Used to be a time you could tell where a band was from just by listening to the music. There wasn’t a band in the UK who could make country sound country or in the US make trad folk sound trad folk. It wasn’t the accent necessarily or the instrumentation or anything you could put your finger on, it just was. But somewhere, sometime, the barriers disappeared. All of a sudden Brits started sounding American and Americans started sounding Australian and Brazilians started sounding like they grew up in Boston or New York or maybe Nashville or Austin. Americana should not be allowed to be called Americana anymore, in fact, because Europe and Australia are playing it better than Americans at times.
I mention this because I have been listening to an Irish band calling themselves The Southern Fold and they sound no more Irish than does Stephen Young & The Union or The Minnows, both top-of-the-line outfits from the land of the shamrock, and it is not any kind of Irish music they are playing, though it is plenty enough original. And I wonder when everything changed.
I would assume it changed when the Internet took hold and maybe it was so gradual that you could not put a real date on it. I assume that the passing of music past borders digitally changed listening habits of us all and maybe we have not lost but are losing the old cultures. Like television chipped away at the drawling accents of Southerners in The States and probably did for many of the culture pockets around the world. I knew a guy who worked in Japan for three years and for a couple of years after coming back talked English with the slightest change in his enunciation.
Which meant that the first couple of times I heard A True Ascension From the Wayward Path, I found it lacking anything I could recognize as Irish or even British. In fact, had I heard it blind, I would have said The States without hesitation.

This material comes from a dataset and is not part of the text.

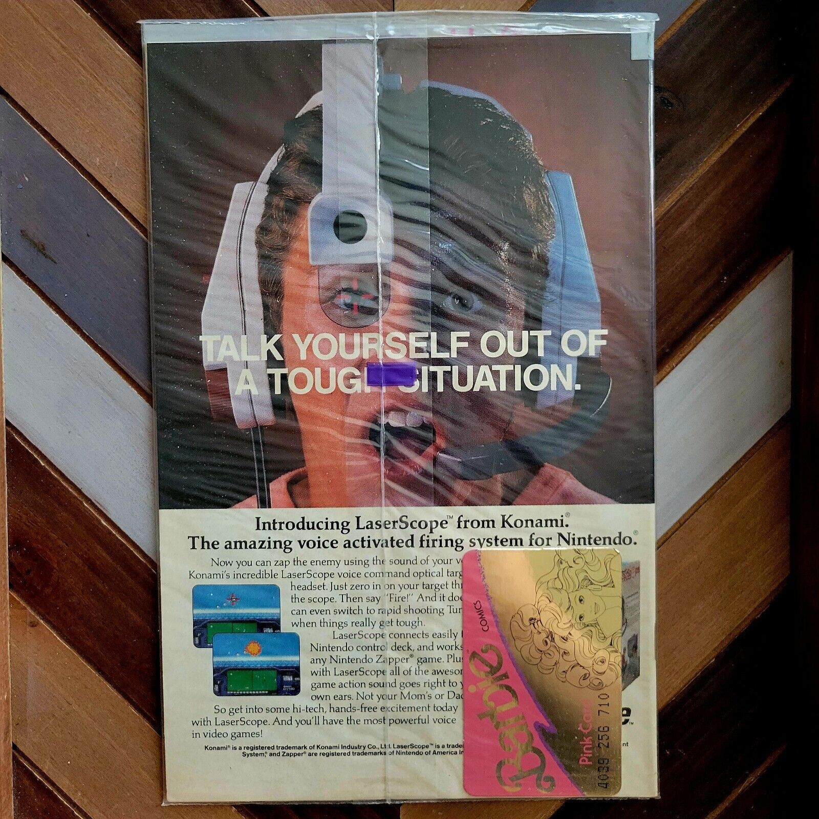 Still in original sealed polybag, includes a free gift: barbie comics "pink card" credit card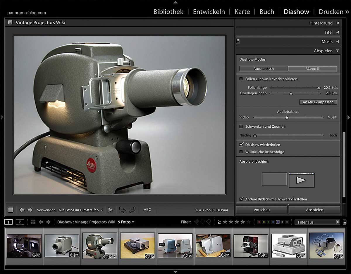 Die Diashow präsentiert eine Lightroom-Sammlung auf dem Vollbildschirm. Lernen Sie, Diashows einzurichten und zu gestalten.

Six songs make my point, each one sounding more Kentucky or California than County Cork or County Donegal, starting with the straight-ahead “Death Country,” the acoustic guitar, Dylan-esque harmonica and basic male/female voices giving no clue as to origin. Which leads into a slower and even more basic “Romance in Morphine,” sounding a lot like something Australia’s roots musician Bill Jackson might have written. Then into an upbeat but light “Brand New Day” and after that my favorite song on the mini-album/EP, “Home From the War,” the hook slow and emotional, the song full of meaning beyond just the lyrics, more Josh Ritter or Sam Morrow than anything else I can think of. “Not On My Side” floats over an acoustic guitar/strings road, reflective but somehow positive— and then rain and thunder which magically fades into an old hymn. Capping it off is a primo cover of Leadbelly’s “Where Did You Sleep Last Night” which you may know better as “In the Pines” because most people are too lazy to go beyond the obvious (which in this case is obviously not).
This is pretty much as good as anything America can come up with, so what the hell? Americana it is, and well worth hearing.
And the video above? To really understand the music you should watch and listen to it. There is a story behind the songs. More than one, actually. And they make all the difference.